Section 44AA and 44AB: A Quick View

Section 44AA and 44AB: A Quick View

Most of the people are very much confused about the maintenance of books of accounts and audit requirement thereof. There are many misconceptions about the legal requirement for books of accounts Under Section 44AA and 44AB as per the income tax act. The books are not mandatory required to maintain in case of every single business rather there are certain criteria which must be seen before deciding whether to keep and maintain books or not. Similarly, there are certain criteria for the audit requirement as well. So, today we are going to dig deeper into the details for maintenance of books of accounts and audit requirement thereof. Let’s take that step by step:

1. What are the books of accounts?

This is a pretty easy question which can be easily understood by the very name itself. It is the books (i.e. record) which contains the details of all which accounts for the business.

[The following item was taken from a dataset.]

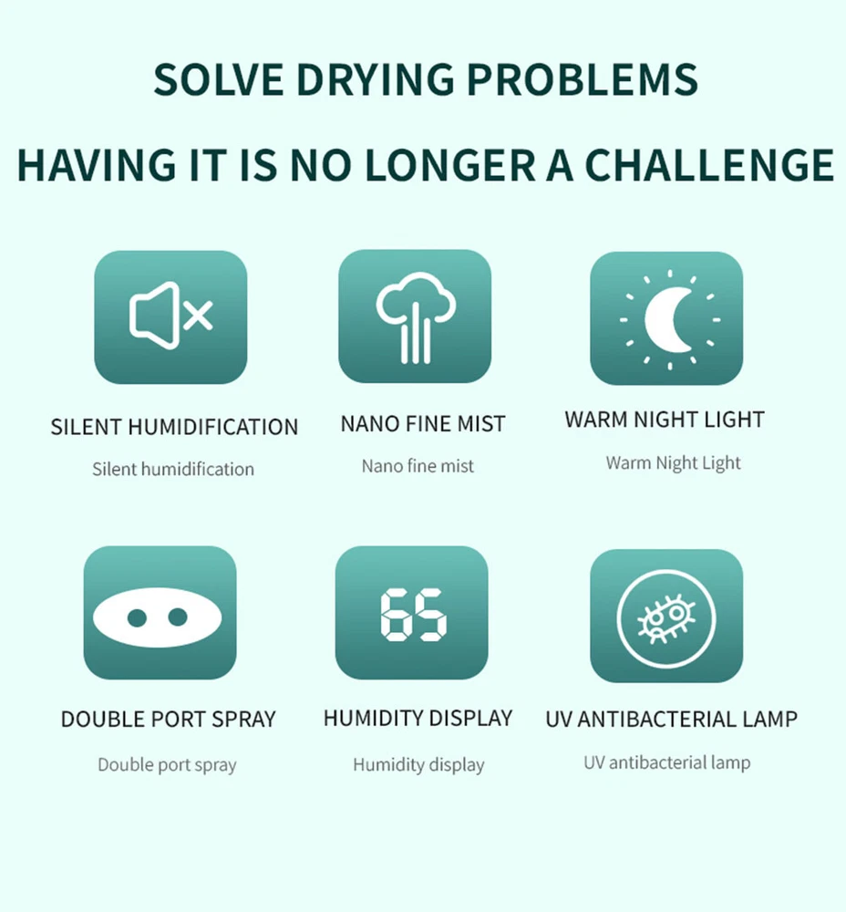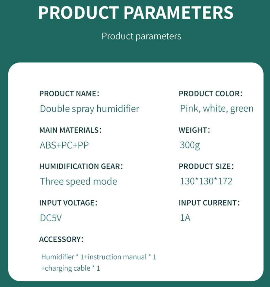 Store Categories Store Categories Pool Accessories Pool Equipments Dispenser Net SET Brushes Vacuum Pool Fountain Active Wear & Body Shaper Orthotics & Brace & Support Socks Waist Trainer Shaper Top Legging/Yoga Pants Compression Pantyhose Sauna Suits Home & Garden Garage Door Remotes Mosquito killer lamp Heated Lunch Box Solar Panels & Kits bathroom ware Pressure Washers Vacuum Cleaners Stove Knobs Food Dehydrators Space Heaters BBQ Grill Covers Solar Panel Controller Air Humidifier String Trimmer Metal Detectors Cell Phones & Accessories Mounts & Holders Reading Glasses Golf Cart Parts Other 1500ML Quiet Nursery Humidifier - Dual Nozzles,360° Coverage,Quiet Night Model Product Description Key Features: ✅ 280ml/H Heavy Fog Output: Dual rotating nozzles deliver deep, rapid moisturizing for rooms up to 300sq. ft. Nano-homogenized mist prevents white dust. ✅ 99.9% Sterilization: Built-in high-intensity blue light eliminates bacteria, mold, and allergens in water before mist is released. ✅ 3 Customizable Modes: 1st Gear: Continuous dual-nozzle spray for fast humidification. 2nd Gear: Alternating left/right mist for even 360° coverage. 3rd Gear: Energy-saving intermittent spray (30s on/30s off). ✅ 700,000Hz High-Frequency Oscillation: Ultrasonic technology breaks water into micro-particles for silent, uniform mist dispersion. ✅ Smart Digital Display: Real-time humidity monitoring with clear LED screen. Adjust settings effortlessly. ✅ Night Comfort Mode: Soft amber night light and whisper-quiet operation (<28dB) for uninterrupted sleep. Why You’ll Love It: ✔️ Health-First Design: Blue light + pre-sterilization ensures clean, safe mist for kids, pets, and allergy sufferers. ✔️ AC/Heating Compatibility: Balances dry air from air conditioners or heaters in bedrooms, offices, nurseries, or greenhouses. ✔️ Easy Maintenance: 1.5L tank (not included in title) with anti-leak design. Top-fill opening for quick refills. Technical Specs: Color: Green Material: ABS+PC+PP Water tank capacity: 1.5L Input voltage: 5V Input current: 1A Power: 3W Usage time: 10 hours for double spraying, 20 hours for intermittent spraying Net weight: 0.389KG Product size: Height 17* Bottom diameter 12CM (6.69*4.72inch) Package Includes: 1 x Humidifier 1 x Type-C power cable 1 x Chinese and English Payment Policy Shipping Policy Feedback Payment Policy 1 . We accept Credit or debit card, Apple Pay, Google Pay, and PayPal. 2 . Payment should be completed within 2 (Two) days of auction closing. Or unpaid dispute will be filed for closing auction. 3 . Sales Tax of 9% will be applied for orders shipped within the state of California 4 . We will leave a positive feedback immediately after payment is received. We appreciate a positive feedback as much as you do. If for some reason there is any issue with the purchase, please contact us prior to leaving feedback, and we will be glad to work with you to have it resolved. Shipping Policy 1 . We Ship to United States ONLY. 2 . Ship from two warehouses and only to eBay ADDRESS. Package handling only takes 1 business day at our warehouse, so please make sure entering correct payment and shipping information before checking out. Once your payment is completed, pls leave ebay note if the changes are needed before we send the product. 3 . Truck company: 3-8 business days. | USPS: 2-6 business days. | UPS/FEDEX: 3-5 business days. 4 . Local pick up is available. Feedback 1 . Any problem after receiving our goods, please contact us before leaving Neutral/Negative feedback. We promise to help you solve it asap, and make you feel satisfied absolutely. 2 . Please DO NOT leave negative feedback without asking for help. Please do not leave negative or neutral feedback if you haven't received item in 30 days, because we have mentioned the shipping time repeatedly. Copyright © 2023 Dianxiaomi

It is basically a record of transactions of the business which has been carried on in the previous year. The books of accounts requirement are governed by Section 44AA of the Income Tax Act, 1961.

2. What is Tax Audit of accounts?

Audit means checking of books validity, authenticity and assuring that all which has been entered into the books are true and correct. The Tax Audit requirement is governed as per Section 44AB of the Income Tax Act, 1961.

3. When it is required to maintain books as per Section 44AA?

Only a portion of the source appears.